I want to buy a 510watt power supply to power my 226w peltier.
But at 12v 226w goes down to about 183w(not sure).
I want to use a full 15v. Can take the 12v and the 3.3v lines of a ATX power supply and combine them for my 15volts?

thx
 
I dont know if that would work but one way to test would be to get an old and CHEAP power supply and connect it up if it goes bang It dont work :)
 
There is another guy with a question in this forum, who has a 15V psu, see if getting that one would be as cheap as getting the 510W psu. Then you would have 15V without messing up the wiring/loads.
 
Their 226 watt pelt MOVES 226 watts of heat.
It CONSUMES 364.8 watts of electricity to do this.
Do the math from their website's numbers....you'll need more psu than you are thinking!

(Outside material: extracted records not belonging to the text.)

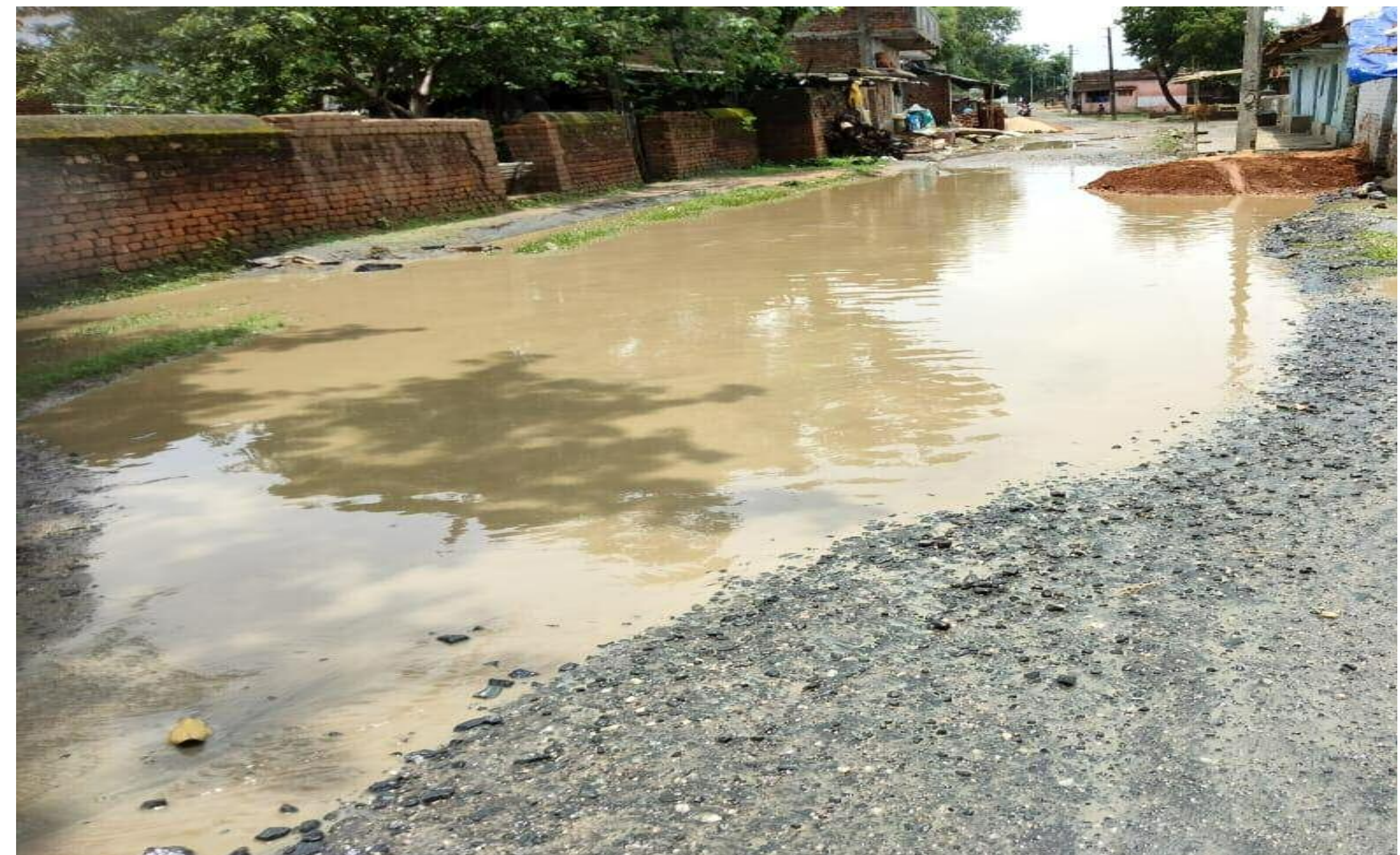
टाटीझरिया लाइन होटल से डहरभंगा रोड की जर्जर स्थिति

टाटीझरिया लाईन होटल से छोटा डहरभंगा तक की लगभग दो किलोमीटर मुख्य सड़क की स्थिति बंद से बदतर हो चुकी है। स्थिति ऐसी हो चुकी है कि अब रिश्तेदार भी आने में आनाकानी करने लगे हैं। यहां के ग्रामीण बरसात आते ही नारकीय जीवन जीने को मजबूर हो जाते हैं। निकासी की व्यवस्था नहीं होने से बरसाती पानी सड़क में जमा हो जाता है। लगातार बारिश के बाद स्थिति भयावह हो गई है। यदि आप इस रास्ते से सफर करते हैं तो आपको एक तालाब होकर गुजरना होगा। माफ कीजिये यहां तालाब लिखना मजबूरी भी हो गया है। आप दूर से ही इसे देखकर यही कहेंगे। यहां सड़क पर लगभग 100 फीट लंबाई तक सड़क पर तालाब-सा दृश्य दिख जाएगा। इसके मरम्मत के लिए ग्रामीणों ने सैकड़ों बार जनप्रतिनिधियों व प्रशासनिक पदा.
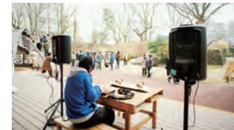
1F デッキ・屋外エリア
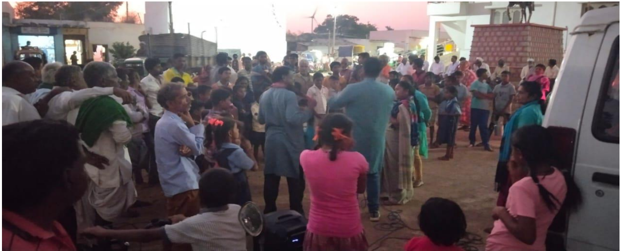
Street Play @ Harthi, Gadag on 23.01.2023
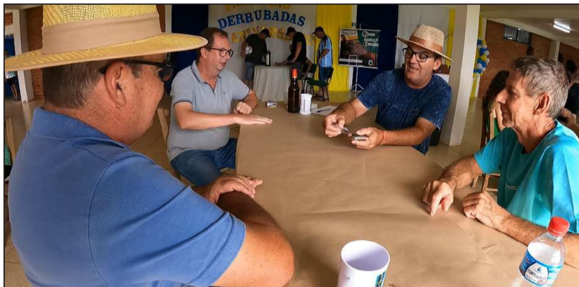
Jogos foram disputadas em diversas modalidades

No último sábado, 9 de março, Derrubadas celebrou a 32ª edição dos Jogos de Integração entre funcionários municipais, evento que se tornou uma tradição no município. Realizado no Centro Esportivo Municipal, o dia foi marcado por momentos de celebração, interação e competição saudável entre os colaboradores municipais.
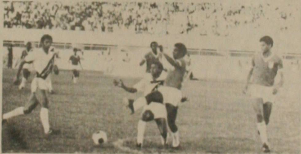
SERGIFE se prepara para jogar Atlético, Corinthians e Flamengo.

Depois da excelente vitória contra o América e o jogo de ontem em Lagarto, o Sergipe parte na próxima semana para uma temporada de três jogos pela Copa Brasil. São três compromissos de grande importância para o time rubro e qualquer ponto conquistado nessa saída do Sergipe será de grande importância para o time rubro, pois esses serão talvez, os jogos mais importantes, isso porque o Sergipe vai enfrentar o Atlético Paranaense, no primeiro jogo dia 11, no domingo enfrenta o Corinthians, no Pacaembu e finalmente vai jogar com o Flamengo no Maracanã num dia de quarta-feira à noite. Três importantes compromissos para o futuro do Sergipe na Copa Brasil.
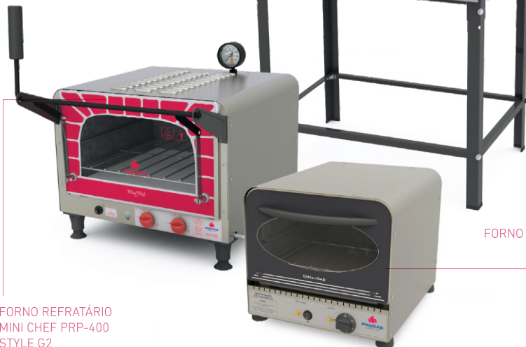
FORNO REFRATÁRIO LITTLE CHEF PRPE-200
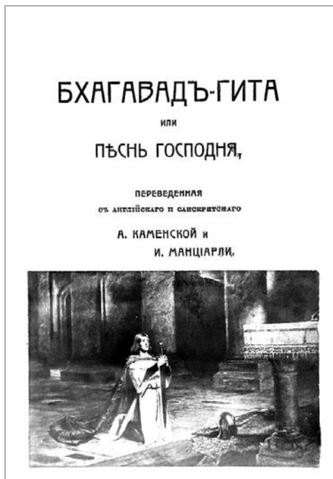
Фото 3. «Бхагавад-гита», издание 1914 г.
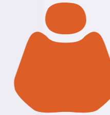
H 016 Nacarat
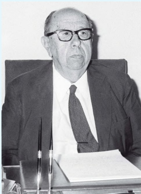
José María Gil Robles.
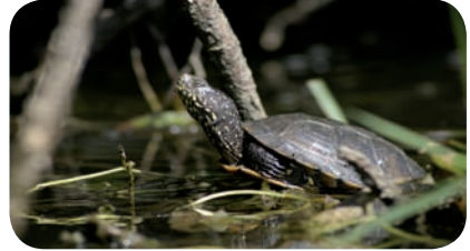
Cistude, Isère

La Cistude d'Europe est une tortue de petite taille (20 cm au plus pour généralement moins de 1kg), présentant une carapace lisse et légèrement aplatie de couleur sombre, marquée de ponctuations ou de lignes jaunes tout comme les pattes, la tête et la queue. Les pattes sont palmées et pourvues de fortes griffes.
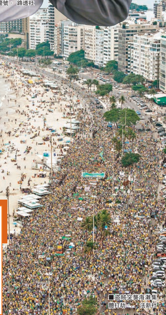
盜賊突襲海灘集體打劫。
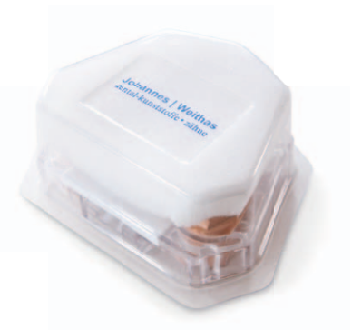
Transparente Krystal Tray Versandbox mit Laborlogo

Das Krystal Tray Modell System unterstützt Sie bei der hochwertigen Präsentation der zahntechnischen Arbeit bei Ihren Kunden. Der Patientennamen lässt sich optimal auf der Außenseite des Trays anbringen. Für den anschließenden Versand der Trays erhalten Sie die genau passenden Krystal Safe Versandboxen. So ist Dank der transparenten Versandbox der Patientennamen auch ohne zu öffnen perfekt von außen lesbar. Optional bieten wir Ihnen an, die weißen Arbeitszungen und Versandboxen mit Ihrem Labor- bzw. Praxislogo zu personalisieren.

I'm not picking on you bud, but everyone seems to take for granted that the wattage rating is both it's power moved and it's power consumed, that is simply not so. I wish websites would make this more clear.
 
Cheers Diggrr I recently purchased a 156w peltier and it said on the web site max 16A @ 14.4v. so i calcuated this and it came out as 230w, and I thought how can 230w be 156w now you have made it clear and your right websites should make it more clear about how much power pelts consume!
 
i only gave the website link for how to run the powersupplys in series to get hte higher wattage i wasnt saying do exactly what they said. it was a here is how to do it.
 
Couldn't you just bump up the 12volt line a little to get you a little closer. Like how they do 3volt and 5volt lines in a PSU. The reason I ask is cause I'll be getting a Antec 510 watt PSU to power my 226 watt pelt.
 
Diggrr said:
Their 226 watt pelt MOVES 226 watts of heat.
It CONSUMES 364.8 watts of electricity to do this.
Do the math from their website's numbers....you'll need more psu than you are thinking!

I'm not picking on you bud, but everyone seems to take for granted that the wattage rating is both it's power moved and it's power consumed, that is simply not so. I wish websites would make this more clear.

Only took a couple of hours to fry my pyramid psu at 15v. Psu rated 15v @ 32 amps, adjustable. Know why they have a little line at 14v now.:(
 
You can find the following paper on the web:

Universal Thermoelectric Design Curves
Richard J. Buist, Marlow Industries Inc.

I'm too tired to look up the link right now.

In short it says that at 12 volts on your pelt you will get about 95% of it's total heat pumping capacity. Powering the pelt at it's Vmax will put 137 more Watts into your water cooling system than powering it at 12V, and it would only increase the pelt's heat transfer by 11.3 Watts.

The increase in the temperature of your water will more than offset the increased heat transfer of the pelt. Your CPU will actually run hotter if you power the Pelt at 15V than at 12V.

It would make more sense to run a second pelt as a water chiller.

And to answer your original question:

"Can take the 12v and the 3.3v lines of a ATX power supply and combine them for my 15volts?"

No, you can only get the difference between the two voltages.
+12V - +3.3V = 8.7V

In addition connecting a 226W pelt between these two voltages would almost definitely fry your whole system.
 
Hey [EG]~NaTz~, that's actually a pretty usefull article. I've got one I made from that article, and there's one guy here who (I believe) has 4 or 6 of them linked together. Works like a charm (at least till I got my big 40 amp Lambda <sp?> laboratory psu).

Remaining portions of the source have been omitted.